I would first suggest the union if that's a possibility. If not then I would go pound the pavement and ask to talk to the owner/shop manager at local shops. Dress ready for work. You never know, you walk in and they just had some guy quit, they need someone right now. Winter is normally a slow time for most shops, but don't let that stop ya.


----------



## telsa (May 22, 2015)

SMoDFly said:


> So far I have looked online for electrician apprenticeships and contacted employment agencies, with no luck yet. Every employment agency informed me that they do not find prospective apprentices for electricians, and almost every job listing online are for experienced apprentices. Most ask for 3rd and 4th year apprentices, others simply require an apprenticeship card. To get an apprentice card in the state of New Hampshire, an employer is required.
> 
> Since I haven't gotten anywhere yet, I am now prepared to contact employers directly. Any advice for contacting them? Is phone or in person preferred?
> 
> Does the winter season affect whether they are taking on new apprentices? This is important to me because I may take a class this winter to broaden my skills.


Important fact of life: this is the season for LAY OFFS.

Contractors look to hire when the weather turns good... especially apprentices.

So, March-April 2018 is when contractors will start looking to hire apprentices.

That's when the tempo of business is strong enough for firms to hire new talent.


----------



## PokeySmokey (Nov 14, 2017)

All the above replies are very good.

Most Trades do not use Hiring Companies (Head Hunters) to find qualified. The exception to this is the Union: The appropriate Union often supply staff to the Trades. (IBEW supplies Electricians and Electrical Apprentices to Union Contractors).

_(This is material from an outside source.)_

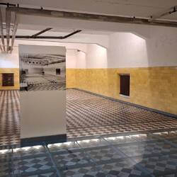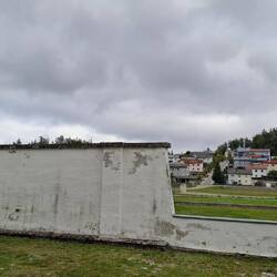 Ich lese in der SZ davon, dass sie in Flossenbürg eine Stimmen- und Bilderinstallation in Anbetracht dessen aufgebaut haben, dass die Zeitzeugen der nationalsozialistischen Terrorherrschaft wegsterben. Also fahre ich nach Flossenbürg in die Oberpfalz. Das Gelände in einem Talkessel überrascht vor allem durch die Einfamilienhaussiedlung, die man in den 50ern auf einem Teil des Geländes des Konzentrationslagers errichtet hat. Sie blickt auf einen bis auf zwei langgestreckte Häuser brachen Platz, der bis in die 70er und 80er einfach Parkplatz für LKW war. Auf einer Grasfläche die Grundmauern der Baracken. Fast abgebrochen hinter einer weißen Mauer das Haus der Folterungen und Ermordungen. In einem dahinter liegenden noch tiefer gelegenen Tal dann das Krematorium. Durch eine Rinne wurden die Toten dorthin auf kleinen Waggons gekarrt oder einfach heruntergeworfen. Baderäume, ein Steinbecken, Asche- und Restehaufen, darüber eine Kirche.

The advantage of going with a union such as the IBEW is your Apprenticeship is transferrable to other IBEW approved Electrical Companies. When a job finishes at one site and you have to go to another site which is serviced by a different company your apprenticeship does not end and start over since your apprenticeship is usually through the IBEW rather than a specific company

Here is a start (Online Free Yellow Pages):

https://www.superpages.com/listings.jsp?CS=L&MCBP=true&search=Find+It&STYPE=S&SCS=&C=Electric%20Contractors%20New%20Hampshire

You can try to visit the closest Electrical Contractors but small shops often do not have someone in the shop through the day.

Visit and/or call the local IBEW in your area.

Call the Electric Contractors closest to you where no one was available when you visited and expand out in concentric circles.

Try to set up an interview.

Remember to be prepared to disclose any experience and formal training and other education.

Also, ask them questions.

You may want to prepare a resume NOT more than 1 1/2 to 2 pages long. Be precise! Most companies trash long resumes without reading the first page.

Good Luck


----------



## kg7879 (Feb 3, 2014)

Just prepare for the contractor mind games if you pound the payment.


----------